さて、今回話したいのは、生命の神秘云々ではなく、『鳥が人を運ぶという描写』についてである。
というのも、私は先日、たくさんの鳩の群がおじいさんを運ぼうとしている光景を見かけたのである。真偽はわからないが、私にはそう見えたのだ。
ある昼下がり、私は公園を自転車で突っ切ろうとていた。
その公園には花壇に花が植っており、中央には噴水なんかもある。ベンチには日向ぼっこをしている人がいたりして、いつも、実にのどかな風景が広がっている。
ただ、その日は少し違っていた。
というのも、自転車に乗っている小汚いおじいさんに鳩が群がりすぎていたのだ。いや、正確にいうと、おじさんは自転車に跨っていたに過ぎず、乗れてはいなかった。

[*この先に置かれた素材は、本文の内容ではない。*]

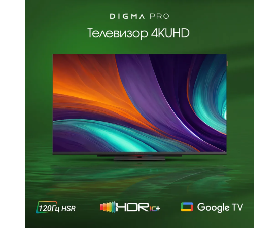 65" Телевизор Digma Pro QLED 65L черный/серебристый 3840x2160, 4K Ultra HD, 120 Гц, Wi-Fi, Smart TV, Google TV

おじいさんの両腕には無数の鳩にたかり、自転車にも鳩たちがとまっていた。自転車の周辺にも鳩が屯していた。その横を私が自転車ですれ違おうとしたときには、、鳩を数匹轢き殺しかけた。
おじいさんはそんな感じで、なんとも自転車を漕げるよな状況ではなかったのだ。
私は思った。そのまま鳩たちにより、運ばれてしまうのではないかと。
もちろん、私の目の前で、さすがに飛んで行きはしなかった。ただ、あまりにも鳩たちがおじいさんに懐きすぎているし、おじいさんも抵抗をしていない。この公園において、私が初めて感じた違和感である。
可能性としては、おじいさんが鳩に餌付けをしているということであある。ただ、一応言っておくが、おじいさんはその時、餌なんぞ持ってはいなかった。仮に餌付けをしていたとして、両腕にとまるかね?
私は用事があったので、その場を通り過ぎ」、30分後にまた同じところを通った。
もうそこにはおじいさんはおらず、おじいさんがいた場所にて、大勢の鳩が地面を懸命につついていた。
やはりあのおやじ、餌を撒いていたんだな。そう思った。
恐らくだが、元々、おじいさんは優しさと少しの好奇心で鳩に餌をあげはじめたのではないだろうか。
だが思いの外、鳩が懐いてきて、普段誰にも相手にされないおじいさんは相当嬉しかったのだろう。
そして、あまりにも餌やりをし過ぎて鳩たちも「この人は『餌の人』である」と学習し、おじいさんが来たら寄ってくるよになったのではないだろうか。
真相はわからないが、鳥に餌をあげすぎることには注意したい。